Smykala and Fiegel studied hundreds of coral larvae under a fluorescence microscope and compared them with adult corals. In the experiments, the water temperature was increased from 28 to 32 degrees Celsius. During prolonged heat waves, corals expel the symbiotic fluorescent microalgae that live in their tissues. This causes the coral to lose its colour and turn white, which is known as coral bleaching.

The two students made frequent trips to Bremerhaven to carry out measurements at the Alfred Wegener Institute, Helmholtz Centre for Polar and Marine Research (AWI), where a group of researchers is working on a similar question. "For us, it was already exciting when we noticed in August that the larvae were reacting to the rising temperatures. In corals exposed to thermal stress, a loss of green fluorescence could be observed before the corals bleached and expelled the red fluorescence. This means that fluorescence can serve as an indicator of health in adult corals and as an early indicator before bleaching," Mike Smykala explains.

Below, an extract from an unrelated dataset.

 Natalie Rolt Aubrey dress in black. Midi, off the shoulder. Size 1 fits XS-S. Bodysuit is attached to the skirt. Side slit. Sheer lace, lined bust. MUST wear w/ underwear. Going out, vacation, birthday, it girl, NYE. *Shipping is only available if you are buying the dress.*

"Clearly, the experiments need to be conducted on a larger scale to prove that the observations were not random," Smykala adds. But from the students' perspective they have gained a lot from the project because it taught them about how many phases are involved in a scientific project.

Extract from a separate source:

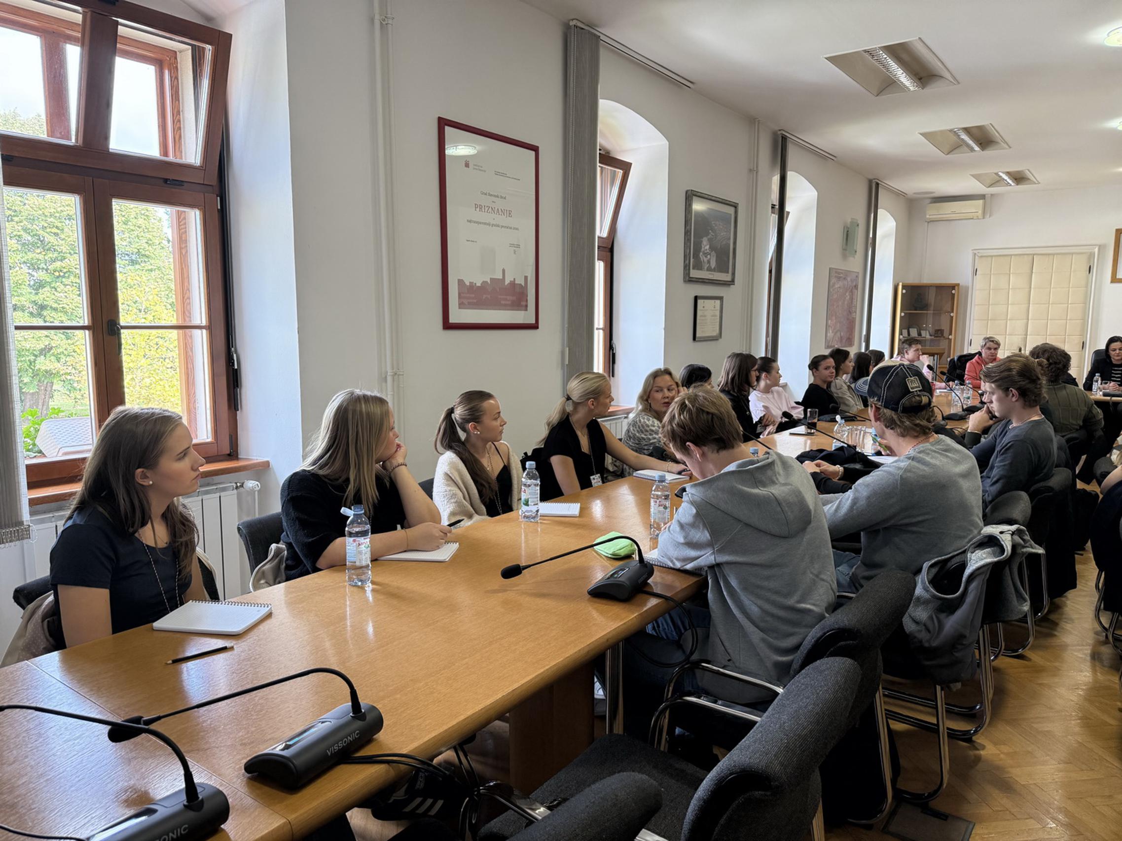 SLAVONSKI BROD - U Velikoj vijećnici Grada Slavonskog Broda održan je prijem za učenike iz Švedske koji u Slavonskom Brodu borave putem Erasmus+ programa, zajedno s učenicima Gimnazije Matija Mesić. U ime Grada Slavonskog Broda goste je primila zamjenica gradonačelnika Marina Martić Puača.

In another forschen@studium project, Raxide Andrade Leon, Oliver Bruton and Sumbul Jafri, who are doing their Master's degrees at the university's department of psychology, focused on Alzheimer's Disease, which will become increasingly common as a result of demographic trends. They analysed data from more than 300 Alzheimer's patients from the US and Canada to determine which indicators best predict how quickly the disease will progress.

"Important indicators of how rapidly the disease was progressing were provided by imaging techniques which measure brain volume, for example, as well as biomarkers such as plaque formation or deposits in the cerebrospinal fluid. Genetics, on the other hand, played a less important role in the prognosis," Oliver Bruton explains, summing up the results of the team's research. The team plans to apply for further funding because there are still many unanswered questions. Among other things they want to investigate the consequences and ethical implications of prognoses about the progression of the disease, says Bruton.

The forschen@studium programme will continue next year because the feedback, the participants' commitment and the research results have been overwhelmingly positive, says Susanne Haberstroh. "We look forward to receiving a large number of proposals!"

The third call for applications for student research projects on the topic of "New beginnings" (Aufbruch) has just been published. The deadline for applications is 16 January 2022.